WORK TO BE COMPLETED:
Set down, exactly and only, everything from the line containing "This particular example, an" down to the line containing "画像は裏ではなくドロンワークをする時はわざと刺繍枠は" in the data below; the pictures are not part of the copy.

MATERIAL FOR THIS EXERCISE:
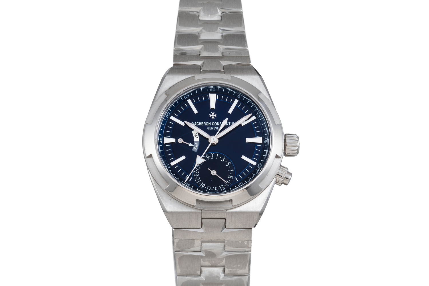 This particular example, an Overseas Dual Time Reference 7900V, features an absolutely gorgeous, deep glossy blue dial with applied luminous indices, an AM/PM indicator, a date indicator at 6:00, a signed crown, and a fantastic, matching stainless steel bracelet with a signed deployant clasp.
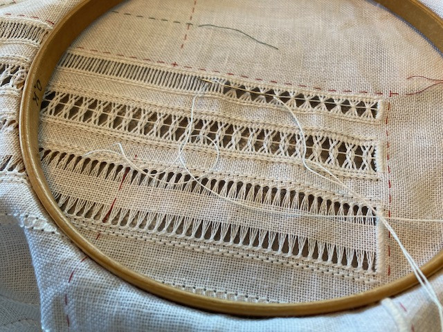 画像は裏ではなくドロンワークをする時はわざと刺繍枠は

--

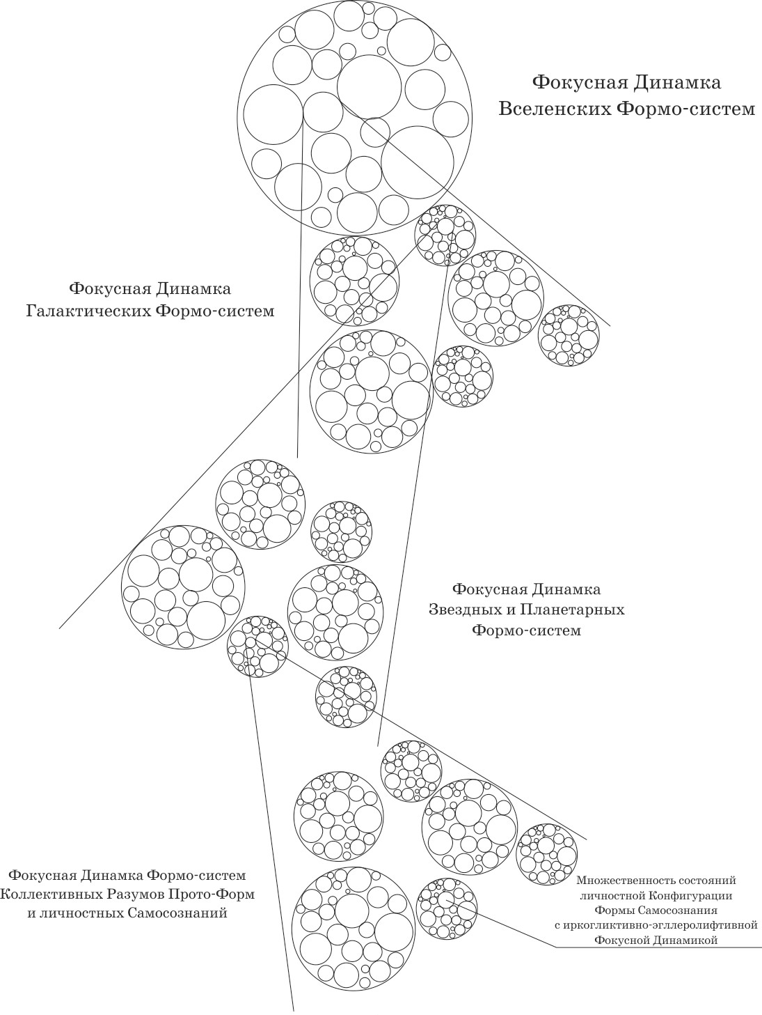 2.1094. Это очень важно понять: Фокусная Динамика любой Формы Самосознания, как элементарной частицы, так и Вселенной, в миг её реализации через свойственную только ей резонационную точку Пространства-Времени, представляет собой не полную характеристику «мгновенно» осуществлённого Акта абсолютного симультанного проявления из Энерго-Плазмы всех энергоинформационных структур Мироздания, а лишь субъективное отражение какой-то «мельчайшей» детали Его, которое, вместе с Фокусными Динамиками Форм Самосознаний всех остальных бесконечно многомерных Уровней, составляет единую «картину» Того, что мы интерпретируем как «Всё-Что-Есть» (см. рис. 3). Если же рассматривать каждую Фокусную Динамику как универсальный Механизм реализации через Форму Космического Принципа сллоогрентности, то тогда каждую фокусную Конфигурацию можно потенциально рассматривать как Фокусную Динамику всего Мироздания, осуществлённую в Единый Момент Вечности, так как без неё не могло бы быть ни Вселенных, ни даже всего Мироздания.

==

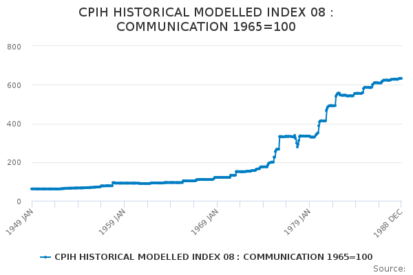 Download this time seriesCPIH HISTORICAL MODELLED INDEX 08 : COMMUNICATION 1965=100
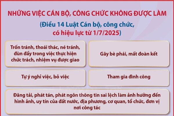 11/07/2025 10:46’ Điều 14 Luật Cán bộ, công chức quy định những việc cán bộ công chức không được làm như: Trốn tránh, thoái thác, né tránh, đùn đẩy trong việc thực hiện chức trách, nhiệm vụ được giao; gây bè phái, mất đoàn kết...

FINISHED TASK:
 This particular example, an Overseas Dual Time Reference 7900V, features an absolutely gorgeous, deep glossy blue dial with applied luminous indices, an AM/PM indicator, a date indicator at 6:00, a signed crown, and a fantastic, matching stainless steel bracelet with a signed deployant clasp.
 画像は裏ではなくドロンワークをする時はわざと刺繍枠は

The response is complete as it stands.